The idea behind NASA’s new plan is that private contractors can do routine missions at a much lower cost, leaving the space agency more resources to focus on the next frontier in space travel, such as a human mission to Mars, or to an asteroid. Defenders of the plan, including President Obama, argue that the shift to bigger more ambitious missions is needed for the agency to regain the kind of pioneer spirit it displayed during the Apollo years in the 1960s and 1970s, when it successfully sent men to the moon.

Others, including the first man to walk on the moon, the late Neil Armstrong, have criticized the new plan, arguing that companies like SpaceX are overpromising and will not be able to take people into space any time soon. Armstrong and others have said that outsourcing essential functions will leave NASA at the mercy of the Russian space program (which currently ferries astronauts to ISS) for years to come.

NASA’s efforts at privatization have taken only a small part of its annual budget, which, this year totals $17.6 billion. So far, SpaceX and Orbital Sciences have been able to provide launch capabilities for a lot less than the space shuttle, but they also have less capacity than the shuttle in terms of payload.
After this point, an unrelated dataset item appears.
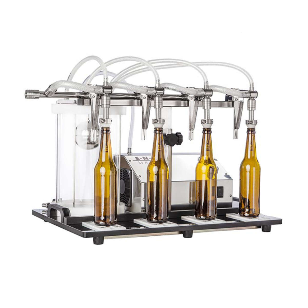 Enolmaster działa według tych samych zasad co Enolmatic. Wykorzystuje pompę próżniową do zasysania cieczy ze zbiornika do butelek. Możesz dostosować maksymalny poziom napełnienia, który po ustawieniu pozostanie niezmieniony przez cały proces napełniania. Zbiornik, z którego pobierana jest ciecz, można umieścić do 4 metrów poniżej nalewarki.
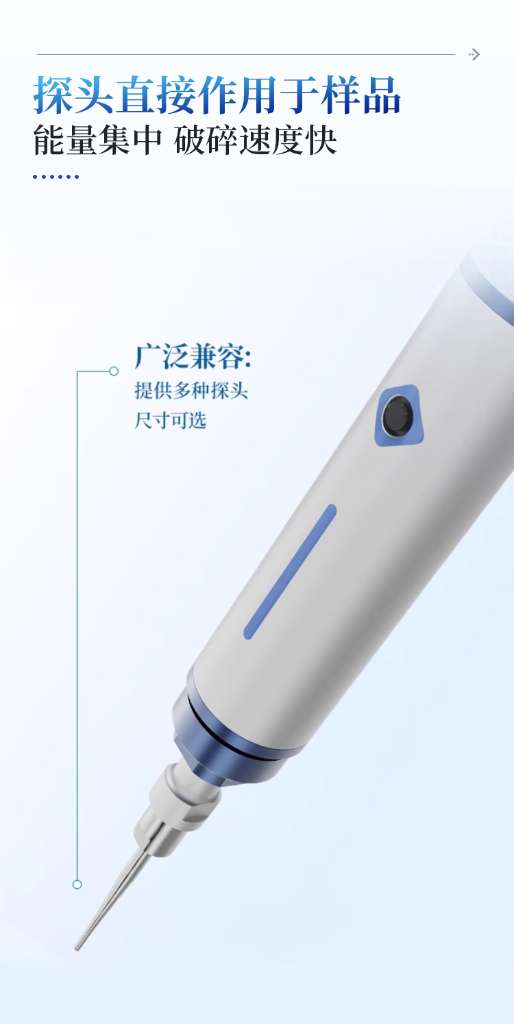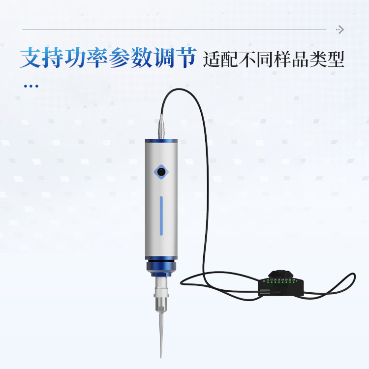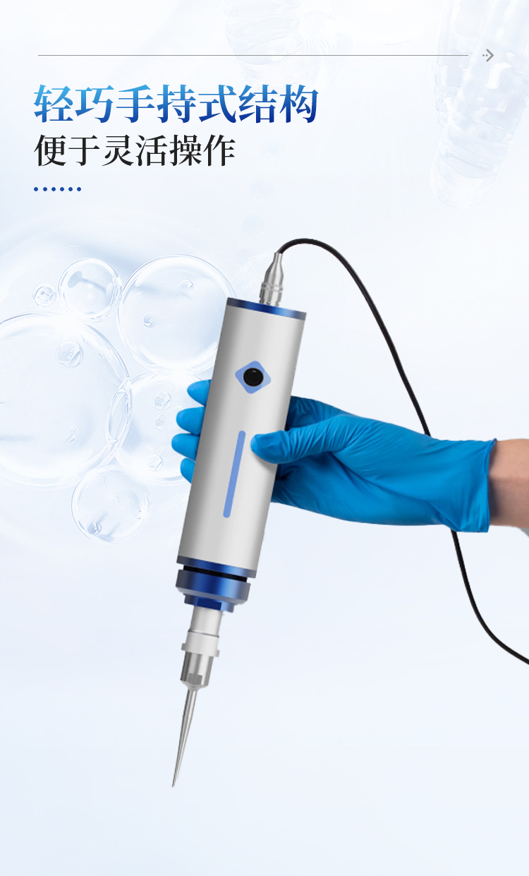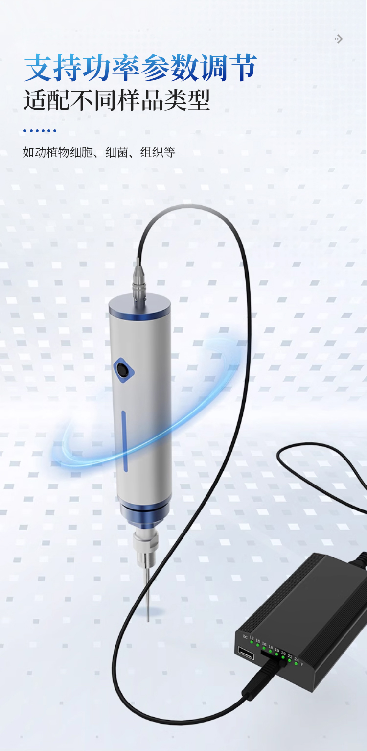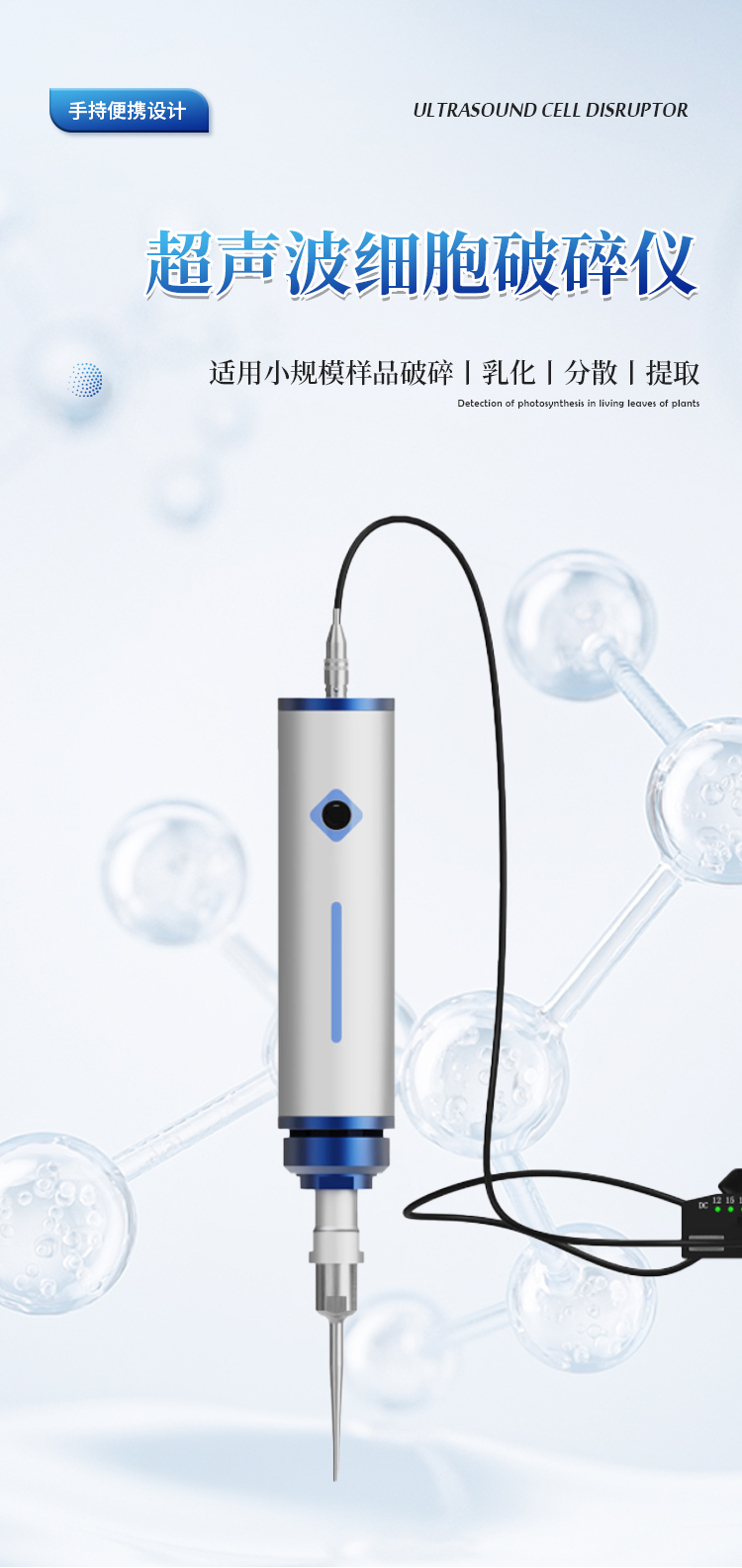 简要描述: 手持超声波细胞破碎仪是一种便携式、高精度的超声波处理设备,适用于实验室小规模样品破碎、乳化、分散和提取等操作。其一体化设计集成了超声波发生器和换能器,操作灵活,可手持使用或搭配支架固定,适用于生物、化学、材料等领域的高效样品处理。 超声波细胞破碎仪是一种利用强超声在液体中产生空化效应,对物质进行超声处理的多功能、多用途的仪器,能用于动植物组织、细胞、细菌、芽胞菌种的破碎,同时可用来乳化、分离、分散、匀化、提取、脱气、清洗及加速化学反应等等。

Factoring in NASA’s financial assistance in developing the Falcon 9 rocket and the cost of the 12-launch contract, the space agency is paying SpaceX about $166 million per launch to the ISS. By contrast, estimates for the cost of sending the recently retired space shuttle to the ISS range as high as $1.5 billion, including the money spent developing and building the shuttles.

Note: This blog post has been updated. The planned April 14 launch was scrubbed due to a technical problem and has been rescheduled for later this month.